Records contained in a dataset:
- - - -

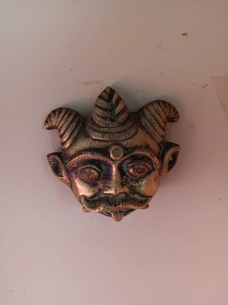 Unique vintage brass wall hanging featuring a devil face design. It has a cool, antique look and would be a great addition to any collection or decor
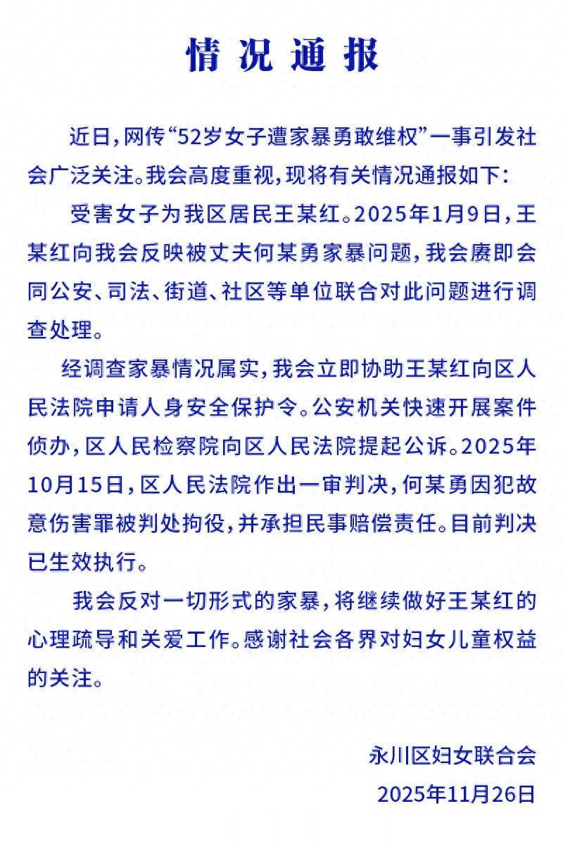 近日,网传“52岁女子遭家暴勇敢维权”一事引发社会广泛关注。永川区妇女联合会高度重视,现将有关情况通报如下:
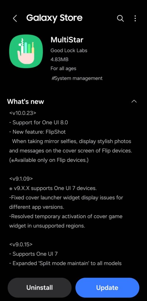 MultiStar, meanwhile, is getting an update to version 10.0.23 with One UI 8 support. It introduces a new feature called FlipShot on the Z Flip lineup. When you’re using the rear cameras on your Galaxy Z Flip to snap a mirror selfie — with the cover screen facing the mirror — FlipShot kicks things up a notch. It lets you display a stylish photo or personalized message on that tiny front display while you’re taking the shot.
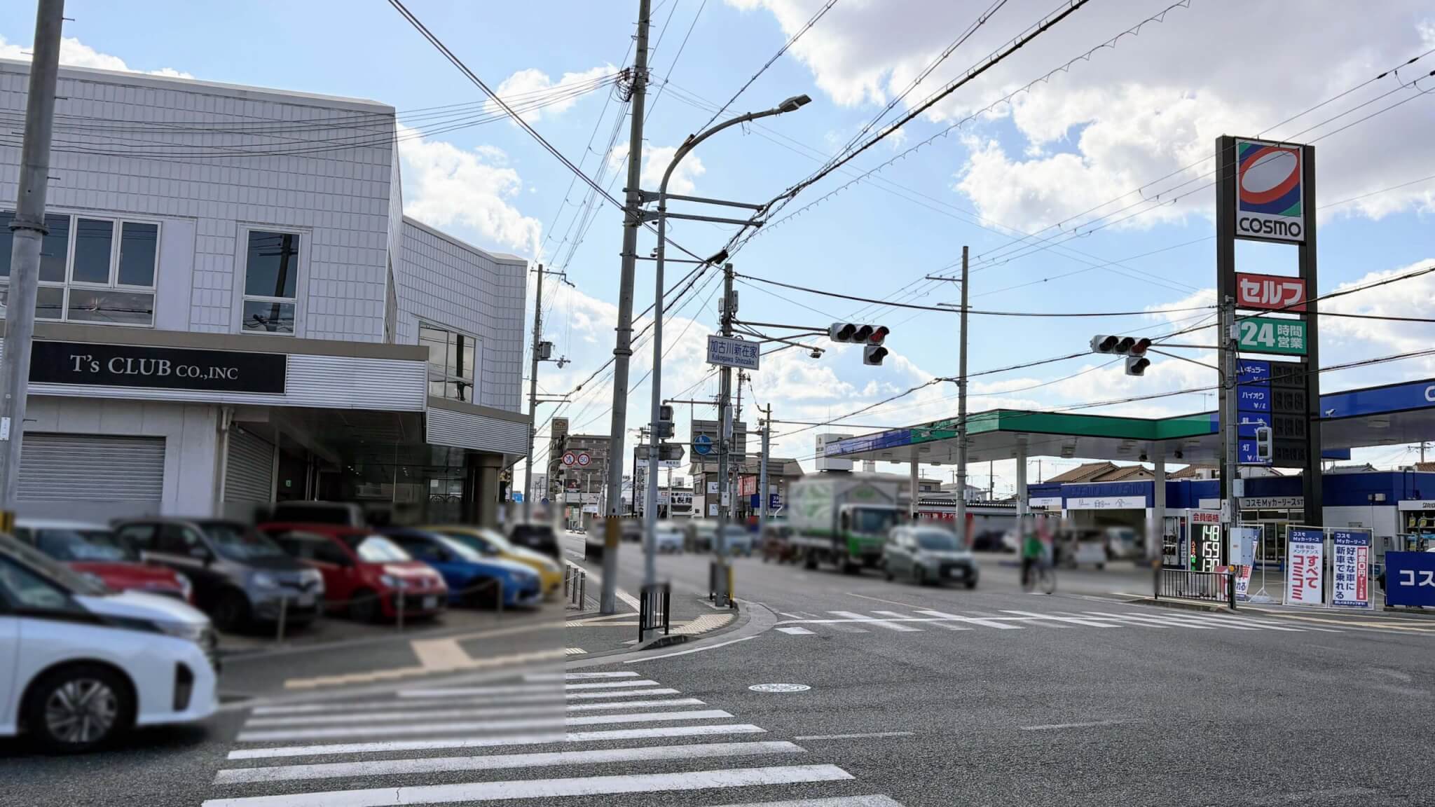 国道2号線の加古川新在家交差点南東のコスモのセルフガソリンスタンドの東隣です。
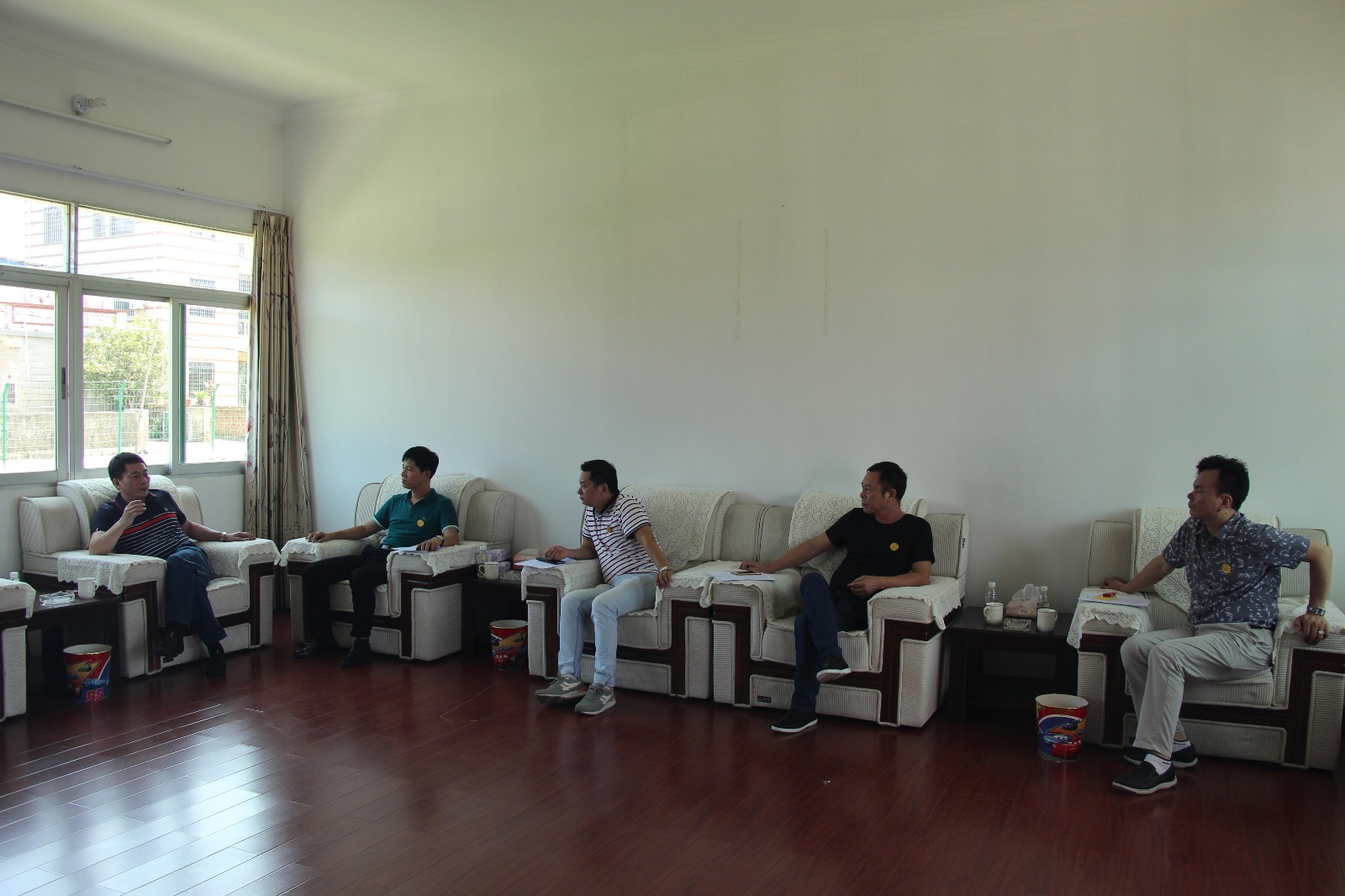 上午到石榴镇。在镇党委会议室,党委书记李伟国(右1)、副书记吴锦洲(左1)、会长李佳添(中)。

- - - -

§ Assigned task
Leaving the images out, print the records above exactly.

§ Output below
 Unique vintage brass wall hanging featuring a devil face design. It has a cool, antique look and would be a great addition to any collection or decor
 近日,网传“52岁女子遭家暴勇敢维权”一事引发社会广泛关注。永川区妇女联合会高度重视,现将有关情况通报如下:
 MultiStar, meanwhile, is getting an update to version 10.0.23 with One UI 8 support. It introduces a new feature called FlipShot on the Z Flip lineup. When you’re using the rear cameras on your Galaxy Z Flip to snap a mirror selfie — with the cover screen facing the mirror — FlipShot kicks things up a notch. It lets you display a stylish photo or personalized message on that tiny front display while you’re taking the shot.
 国道2号線の加古川新在家交差点南東のコスモのセルフガソリンスタンドの東隣です。
 上午到石榴镇。在镇党委会议室,党委书记李伟国(右1)、副书记吴锦洲(左1)、会长李佳添(中)。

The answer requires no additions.